Además, al drama de las condiciones de trabajo se sumó el de la separación de las familias, ya que Suiza concebía esta emigración como temporal y no permitía la reagrupación familiar.
«No es que la tuvieran tomada con los españoles», considera Francisco Ruíz Vázquez, presidente del Consejo de Residentes españoles en Ginebra y residente en Suiza desde hace cincuenta años. «Antes que nosotros fueron los italianos, después los portugueses. Lo que ocurría es que el inmigrante siempre era el último», recuerda.
Cuatro décadas después algunos italianos, hoy perfectamente integrados, todavía recuerdan la hostilidad.

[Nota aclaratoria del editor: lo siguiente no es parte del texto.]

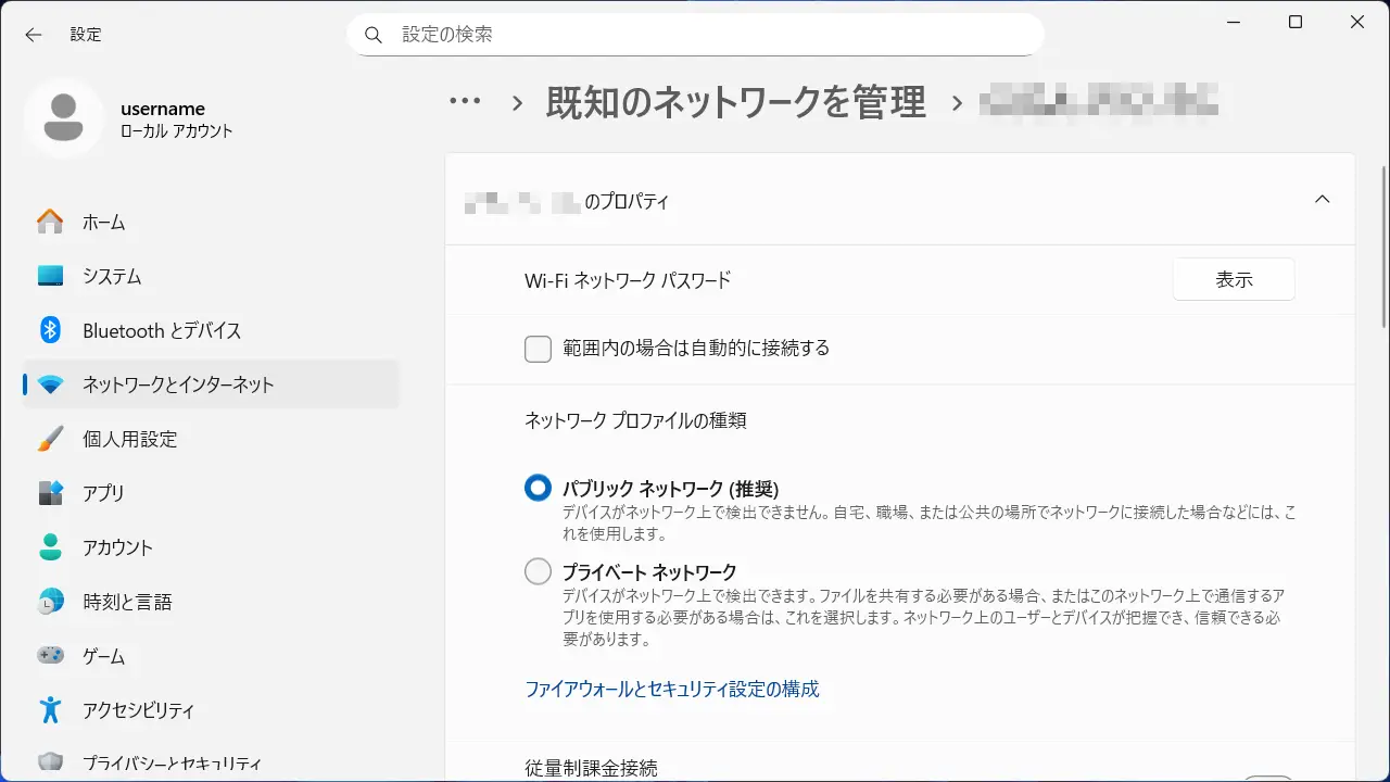 既知のネットワークを管理より対象のWi-Fiアクセスポイントをクリックします。
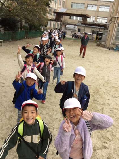 絶好の遠足日和。やる気満々で出発しました。けがなく無事終えられますように・・・。
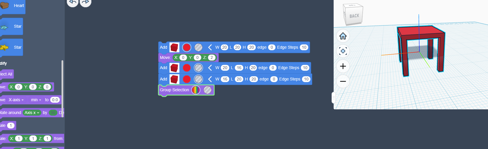 stolik - robimy boxa, podnosimy go, dodajemy kolejne dwa boxy odpowiednio pomniejszone wymiary i zaznaczamy hole - dziura, na koniec grupujemy obiekty.
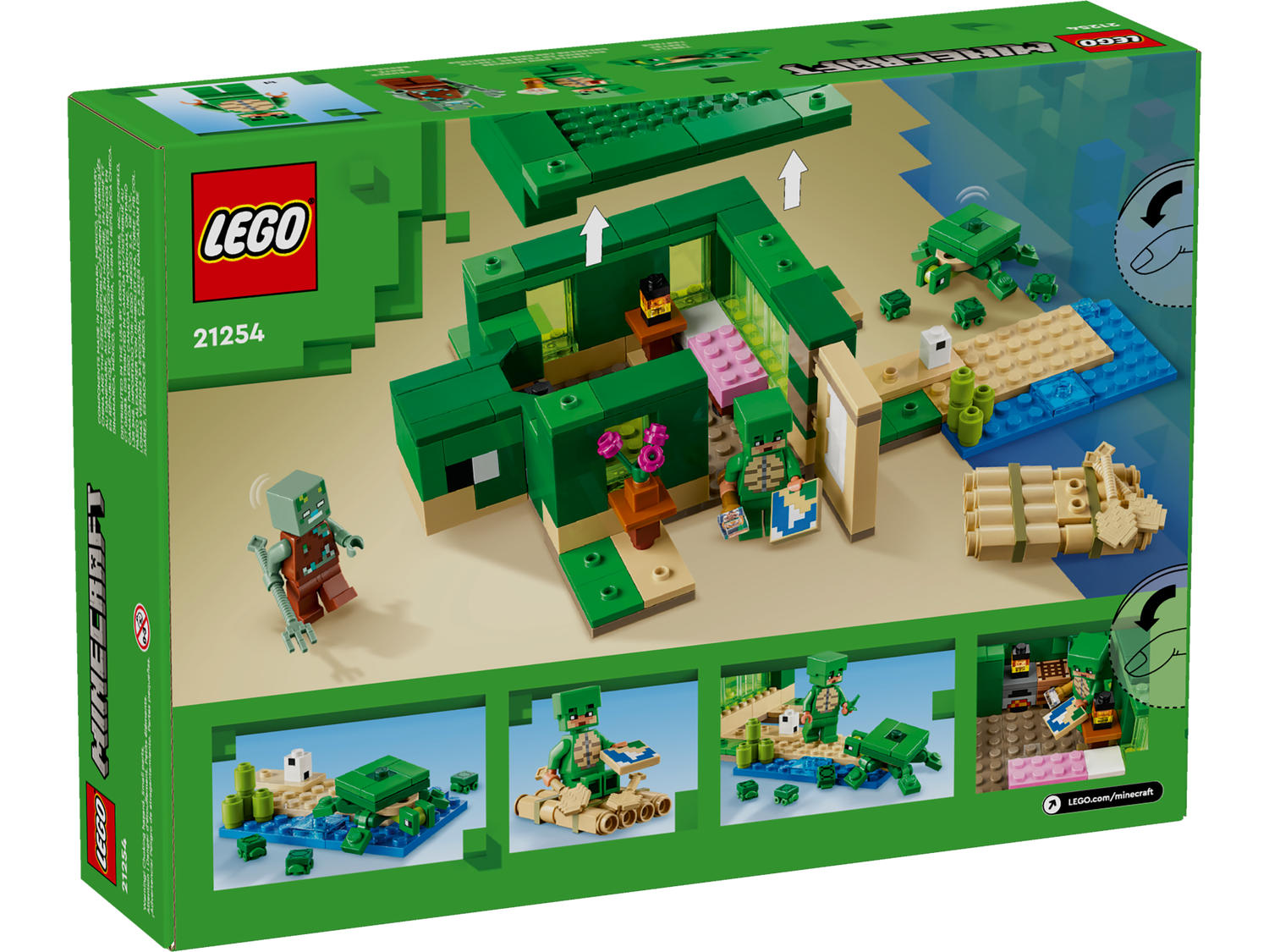 Das Modell dieses Hauses besitzt die Form einer Minecraft® Schildkröte. Drinnen und draußen laden die Tiere zu jeder Menge Spielspaß und Minecraft-Action ein. LEGO® Minecraft Das Schildkrötenstrandhaus (21254) beinhaltet 3 legendäre Charaktere sowie ein cooles Bauwerk zum Zusammenfügen. Dieses Set ist eine tolle Geschenkidee für Kinder und Minecraft-Spieler ab 8 Jahren.Dein Kind kann ein Minecraft-Haus in Form einer Schildkröte und mit Fenstern, Laternen, einer Tür, einem Bett, einem Tisch, einer Werkbank und einem Ofen bauen. Das abnehmbare Dach gewährt leichten Zugang zum Innenleben. Draußen befindet sich ein Strandabschnitt mit Zuckerrohr, Schildkröteneiern und einem Bambusfloß mit Paddeln. Vertraute Minecraft-Figuren und Kreaturen sind ebenfalls enthalten: ein Schildkrötenkrieger mit Schildkröten-Skin und Helm, ein Ertrunkener mit Dreizack, eine Schildkröte, die an Seetang knabbert, sowie 3 Babyschildkröten. Auch ein Fernglas und eine Karte sind in diesem Spielset enthalten. Kinder, die actionreiche Videospiele, kreative Modelle und Tiere lieben, werden von diesem vielseitigen Spielzeug begeistert sein. Für ein zusätzliches digitales Bauerlebnis enthält die LEGO Builder App Funktionen, um 3D-Ansichten der Modelle zu vergrößern und zu drehen und den Baufortschritt zu verfolgen.

Oscar Tosato, italiano hoy miembro del Ejecutivo municipal de Lausana, recuerda el día en que vio colgado un cartel en la puerta de un local de Biel que decía: «Prohibido el acceso a perros e italianos».
Las segundas generaciones
Los antropólogos que estudian las migraciones coinciden en el hecho de que los problemas de integración social suelen desaparecer o diluirse en las segundas y terceras generaciones.
Pero según Marianne Helfer, «Suiza todavía tiene sus reservas en cuanto a la segunda generación de inmigrantes». Prueba de ello es que el pueblo suizo votó repetidamente en contra de facilitar la nacionalización de las segundas y terceras generaciones de hijos de inmigrantes españoles. «Los suizos no están dispuestos a proporcionar el acceso a la ciudadanía, generalmente considerada como el último paso para la integración», concluye Helfer.
Los hijos y nietos de los inmigrantes todavía tienen serios problemas para integrarse a pesar de que nacieron aquí, se escolarizaron aquí y en algunos casos incluso se casaron con suizos. No entienden por qué tienen que pagar por tener la nacionalidad.
«En algunos cantones de Suiza es obligatorio que cuando alguien quiere pedir la nacionalidad se cuelgue en el Ayuntamiento la propuesta durante unos días y se pregunte si algún vecino tiene algo en contra», explica a modo de ejemplo Xurxo Martiz.
Suiza ha sido ejemplar para la Europa del siglo XX en cuanto a su modelo de inmigración, pero hasta hoy ha sido capaz de completar la integración.
La UE usa las armas a su alcance para evitar que Suiza se vaya por su lado. De momento ha suspendido negociaciones en el acuerdo eléctrico, o el de I+D y amenaza con finiquitar el Erasmus para los jóvenes suizos. La familia de los Ruíz Vázquez cree que no hay mucho que hacer: «Cada vez que Suiza ha hecho lo que le ha dado la gana, Europa ha transigido». Para bien y para mal, Suiza va por libre.